Выходя из -комнаты, фрау Шпрангер заметила:
— Ну, ворон ворону глаз не выклюет.
А Мальцан добавил, обращаясь скорее к самому себе:
— Да, вот если бы всякие каппы и люттвицы не требовали, чтобы под воззванием стояли непременно их подписи, и если бы найти никому неведомого человека из массы, такого, которого народ еще не знает и которому еще готов доверять,— тогда другое дело!
— Если бы, если бы, если бы,— отозвался Шпрангер, при каждом слове постукивая по столу безымянным пальцем, на котором носил кольцо своей студенческой корпорации.— Если бы недоверие одной половины народа к другой оказалось сильнее, чем недоверие к нам... но до этого еще далеко. После окончания войны не прошло и двух лет...— Вдруг он повернулся к Венцлову и с живостью продолжал: —Моя жена вечно упрекает меня за то. что ты занимаешь в моем сердце такое же место, как наши собственные сыновья. Мальцан прав, когда убеждает тебя не рисковать своим будущим. Нам, старикам, нужно твое будущее.
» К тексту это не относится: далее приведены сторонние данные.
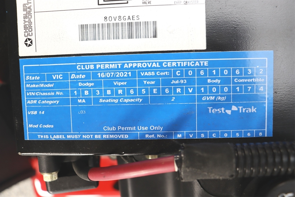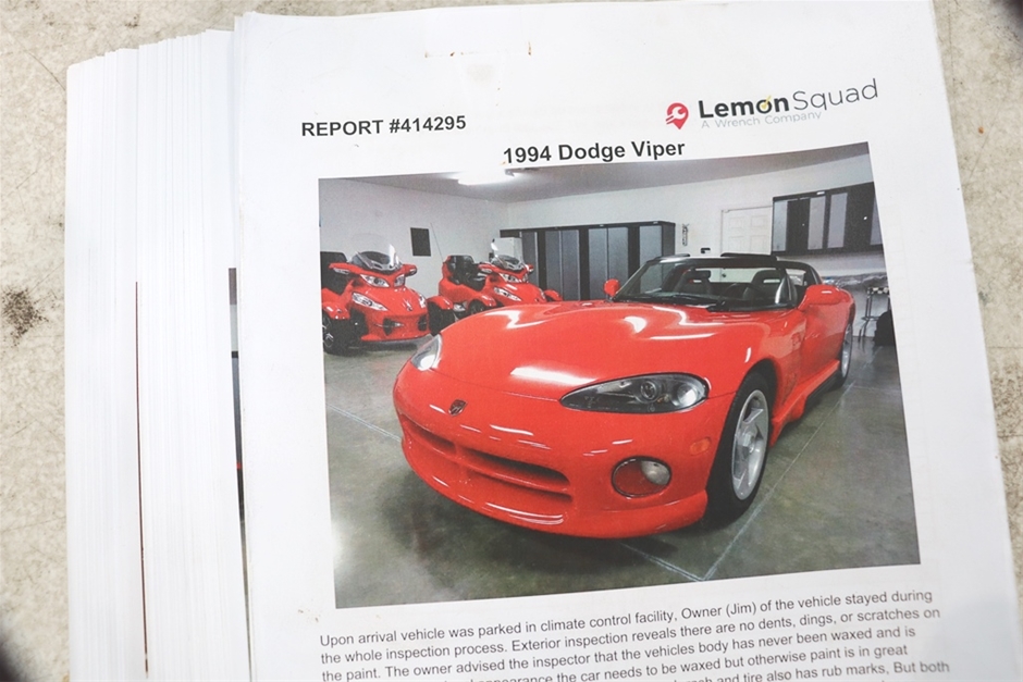 | Part of Sale | 1993 Dodge Viper RT/10 6,800 miles Manual Roadster (Import) | ||||

Мальцан, улыбаясь, заметил:
— Ты будешь еще молодым, когда понадобишься нам для возрожденного отечества. Правда, мы со Шпрангером тогда совсем поседеем.
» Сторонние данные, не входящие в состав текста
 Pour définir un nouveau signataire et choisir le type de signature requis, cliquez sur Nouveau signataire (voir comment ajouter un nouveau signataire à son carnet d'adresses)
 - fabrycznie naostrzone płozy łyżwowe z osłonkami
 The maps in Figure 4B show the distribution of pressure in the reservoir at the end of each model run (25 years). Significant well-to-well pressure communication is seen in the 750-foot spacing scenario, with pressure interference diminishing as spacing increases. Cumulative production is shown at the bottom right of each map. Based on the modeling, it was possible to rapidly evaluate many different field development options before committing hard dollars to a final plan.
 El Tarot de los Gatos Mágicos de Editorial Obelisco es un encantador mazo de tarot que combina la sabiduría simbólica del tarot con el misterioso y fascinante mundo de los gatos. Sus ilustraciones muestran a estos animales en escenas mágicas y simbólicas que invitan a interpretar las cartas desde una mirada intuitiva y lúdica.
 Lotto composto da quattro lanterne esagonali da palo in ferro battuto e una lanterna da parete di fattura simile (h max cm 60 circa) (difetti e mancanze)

— Мы и сейчас седые,—сказал Шпрангер,—поэтому не огорчай, пожалуйста, нашего мальчика, ждать уже недолго,— Он ласково положил свою руку на стиснутые пальцы Венцлова.— Я же отлично понимаю, каково вам ждать, пока рухнет то, что все равно обречено на гибель. Особенно если в дело включились достойные люди и намерения у них наилучшие. Вся беда в том, что у них нет терпения.
Он умел любезно выпроваживать гостей и сейчас предложил воспользоваться автомобилем дочери-шведки.
— Герб на дверцах и консульская ливрея шофера предохранят вас от неприятных случайностей всеобщей забастовки.—И, провожая их к машине, смеясь, добавил:— К счастью, в нашей стране, несмотря на все эти безобразия, все-таки сохранилось врожденное уважение к символам власти.
Вечером, уже дома, в Потсдаме, этот разговор возобновился. Но говорил только Мальцан. Венцлов молчал.
На ту позицию, которую Венцлов занимал несколько часов назад у Шпрангера, теперь встали все три женщины: мать и дочь Мальцан и тетя Амалия. Они уже тешили себя мыслью, что кайзер скоро возвратится из Амэронгена в Берлин. А теперь стало ясно, что во дворец вернется рейхспрезидент, с перепугу бежавший вначале из Берлина. Глядя на опущенные углы рта и поджатые губы тети Амалии, Венцлов понимал, что втайне тетка сердится на него. Ему ли не знать ее лица! Такое же выражение появлялось на нем, когда племянник, бывало, в детстве порвет штаны или забудет поклониться, а теперь она злилась на то, что он не поддержал мятежников. Он думал: «Если бы только ты знала, чего мне это стоило!» Маленькая Мальцан потянула его за рукав. Она сказала вполголоса:
— Не расстраивайтесь, вы, наверно, поступили правильно. Я всегда вам верю.
Он с радостью посмотрел в ее разгоряченное лицо. Глядя на ее грудь, он видел, что она уже не маленькая девочка. Все же она еще слишком юна, чтобы можно было целоваться с нею.